◆ Source material ◆
_____
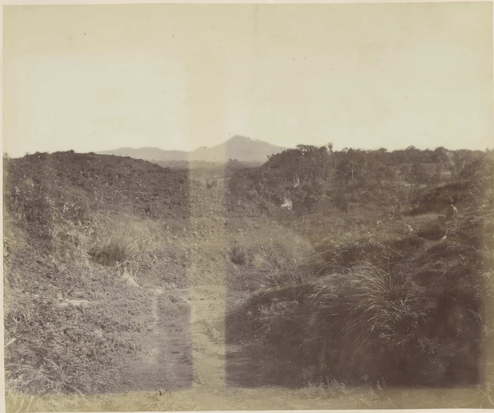
Gunnung Blerang, a Vulcanic Mountain on the Battak Plateau.
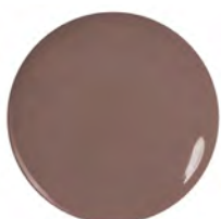
60032 Call Me Classy
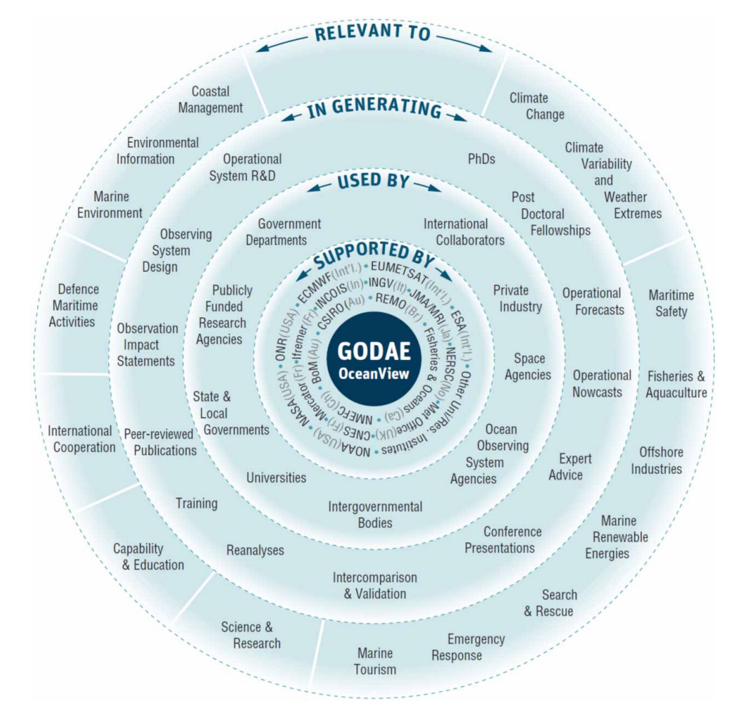
Figure 1. 'Circle diagram' (read from inside to out) illustrating how GOV links with the entire maritime sector, to generate scientific outputs that deliver benefits across all relevant sectors of global economy, society and environment. Abbreviations in parenthesis behend supporting institutions: Int'l = international, It = Italy, JA = Japan, No = Norway, Fr = France, In = India, Br = Brazil, Ca = Canada, Ch = China, Au= Australia.

biases in the forecasts of temperatures and improve the predictions of near-surface currents. Not surprisingly, this is an active area of research using field studies and large eddy simulations to develop improved parameterizations (McWilliams and Danabasoglu 2002; Molemaker et al. 2010). Coupled atmosphere-wave-ocean models will allow more complete representation of these processes, provided the models have sufficient spatial and temporal resolution to resolve them. Improved parameterization of other sub-grid scale processes such as the breaking of internal gravity waves could also be important (Liang and Thurnherr 2012). Improved treatment of the grid-scale closure in high-resolution models (e.g. the two-dimensional dissipation of enstrophy cascading to smaller grid-scales and the transfer of energy towards larger scales) may also be important; the original formulation of the Gent-McWilliams (Gent et al. 1995) scheme seems a less satisfactory solution to this issue in eddy-resolving models than coarse resolution ones.
_____
◆ What needs to be done ◆
From the line containing "60032 Call Me Classy" to the end of the listing, restate each line word for word and nothing more; the pictures stay out.

◆ Finished task ◆
60032 Call Me Classy
Figure 1. 'Circle diagram' (read from inside to out) illustrating how GOV links with the entire maritime sector, to generate scientific outputs that deliver benefits across all relevant sectors of global economy, society and environment. Abbreviations in parenthesis behend supporting institutions: Int'l = international, It = Italy, JA = Japan, No = Norway, Fr = France, In = India, Br = Brazil, Ca = Canada, Ch = China, Au= Australia.

biases in the forecasts of temperatures and improve the predictions of near-surface currents. Not surprisingly, this is an active area of research using field studies and large eddy simulations to develop improved parameterizations (McWilliams and Danabasoglu 2002; Molemaker et al. 2010). Coupled atmosphere-wave-ocean models will allow more complete representation of these processes, provided the models have sufficient spatial and temporal resolution to resolve them. Improved parameterization of other sub-grid scale processes such as the breaking of internal gravity waves could also be important (Liang and Thurnherr 2012). Improved treatment of the grid-scale closure in high-resolution models (e.g. the two-dimensional dissipation of enstrophy cascading to smaller grid-scales and the transfer of energy towards larger scales) may also be important; the original formulation of the Gent-McWilliams (Gent et al. 1995) scheme seems a less satisfactory solution to this issue in eddy-resolving models than coarse resolution ones.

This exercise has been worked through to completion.